The trio moved to Woodstock, New York, where they lived in the house that Ungar grew up in.

“Ruth and I knew how to book bands because of our families,” Rodriguez-Seeger explained. “My grandmother basically managed my grandfather and Ruthie’s father managed his career from the house. So we never had a manager, we didn’t have an agent for the first three years. We just booked ourselves. It was very DIY—no one was going to tell us how to look, what to wear, what to play. I think during this era of highly corporatized, packaged music, the bands that do it on their own are the ones that stand out.”

I asked Tao if the family legacies are a help or a hindrance.

“Every once in a while,” he replied, “someone shows up at a show and wishes that we sounded more like Pete Seeger or the Weavers or Jay & Mollie.
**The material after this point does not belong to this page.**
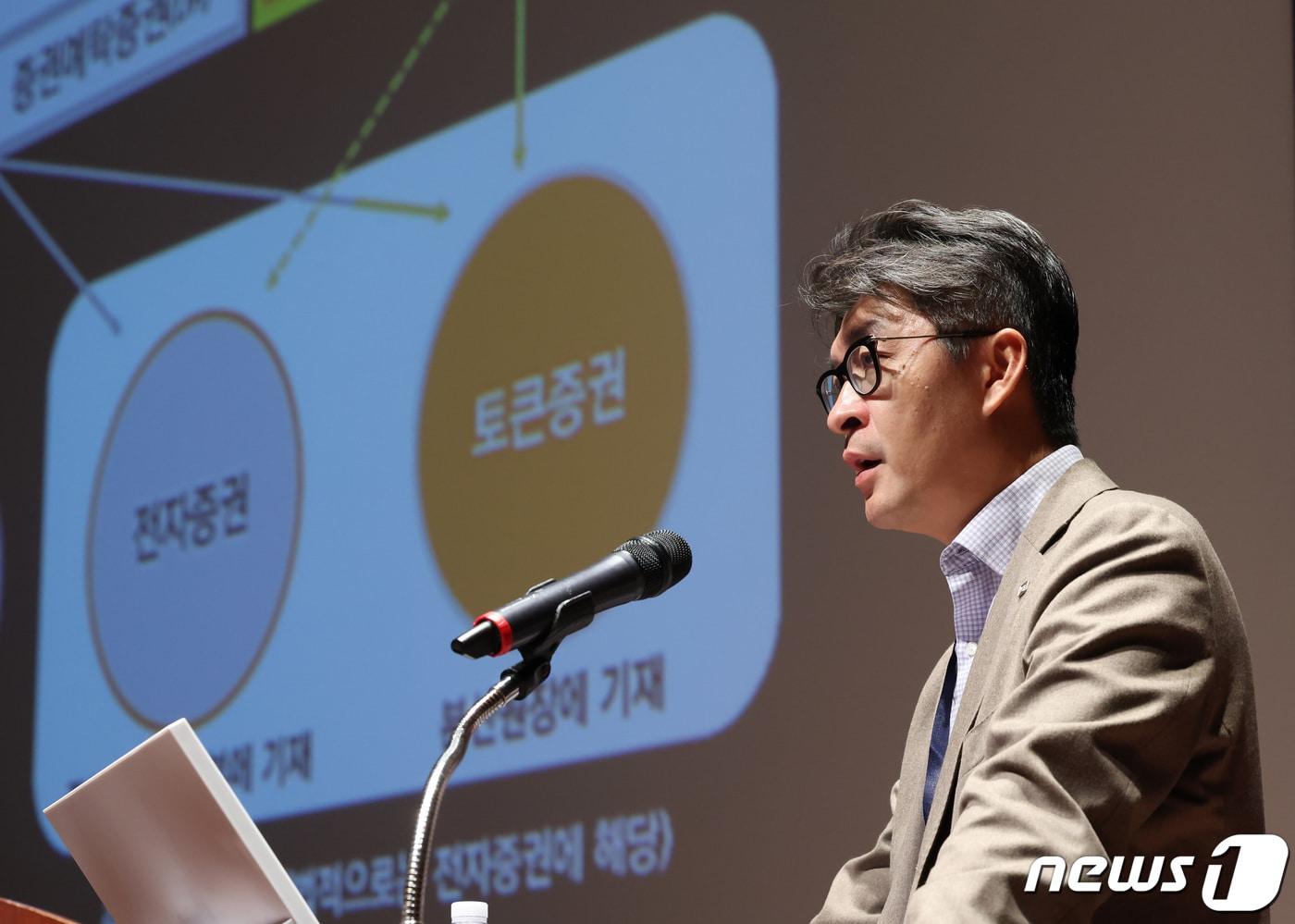 안인성 미래에셋증권 디지털부문 대표가 26일 서울 여의도 한국거래소 컨퍼런스홀에서 열린 '뉴스1 투자포럼(NIF) 2023'에서 토큰 증권을 주제로 강연하고 있다.2023.10.26/뉴스1 ⓒ News1 김민지 기자

But I think we’re good enough now that they end up being won over by our differences. And ultimately they see that the similarities and the differences combined make it really cool.

“I play a guitar that’s exactly like my grandpa’s; I play a banjo that’s exactly like my grandpa’s. Ruthie plays a fiddle that was given to her by her dad. And we’ve spent a lot of time playing with those people. I’ve been playing with my grandpa since I was born and we started playing together professionally when I was sixteen. So these are connections that are very personal, and that’s how we feel music is. Music is a very personal connection that draws people closer together. At its best it changes the world; it makes you feel like there’s hope in a dark time and it brings light into a dark place.”
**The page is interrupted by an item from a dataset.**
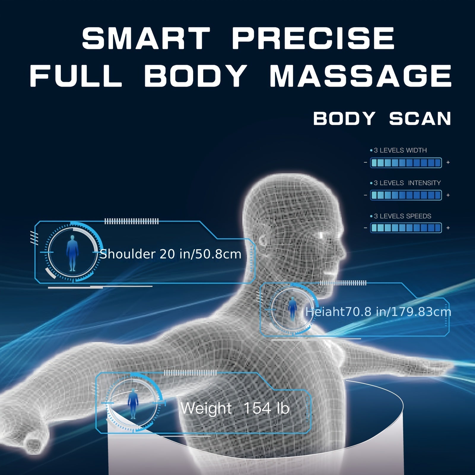 Revolutionary 3D Massage Hands: This state-of-the-art full body massage chair goes beyond traditional fixed massage rollers, featuring advanced 3D Massage Hands. Unlike fixed rollers, the 3D Massage Hands can replicate the techniques of a professional masseuse, performing various massage actions such as kneading, squeezing, flapping, pressing, pushing, holding, swinging, and twisting. Moreover, this massage chair can extend up to 7cm forward to alleviate deep muscle pain.

There are family connections within the band too. The Merendas are brothers, and Mike Merenda and Ruth Ungar are now married. When I saw the band perform in Maine two summers ago, I was taken with the enthusiasm and spirited good fun they obviously share. But the band also takes its motto, “subversive acoustic traditionalists” seriously.

“I think part of what we’re trying to do,” Tao Rodriguez-Seeger said, “is to look at the world around us, our country, and speak some kind of truth through our songs. We played in Lafayette, Louisiana, once at the Festival International and played an upbeat, goodtime set. At the end we got an encore, so we decided to do something risky, to play our anti-Bush song, ‘The Bush Boys,’ as our encore. It completely polarized the crowd! It was like nothing I’ve ever seen before. We got what was tantamount to death threats; the festival had its corporate sponsors threaten to pull money from the festival.

“This older gentleman came up to Ruth afterwards and said, ‘I wish you hadn’t played that song. You were my favorite band but when you played that song it broke my heart.’ And I thought, wow, one song can break a man’s heart over political differences.

“Anything that can push people to such an emotional extreme, I think, is great.”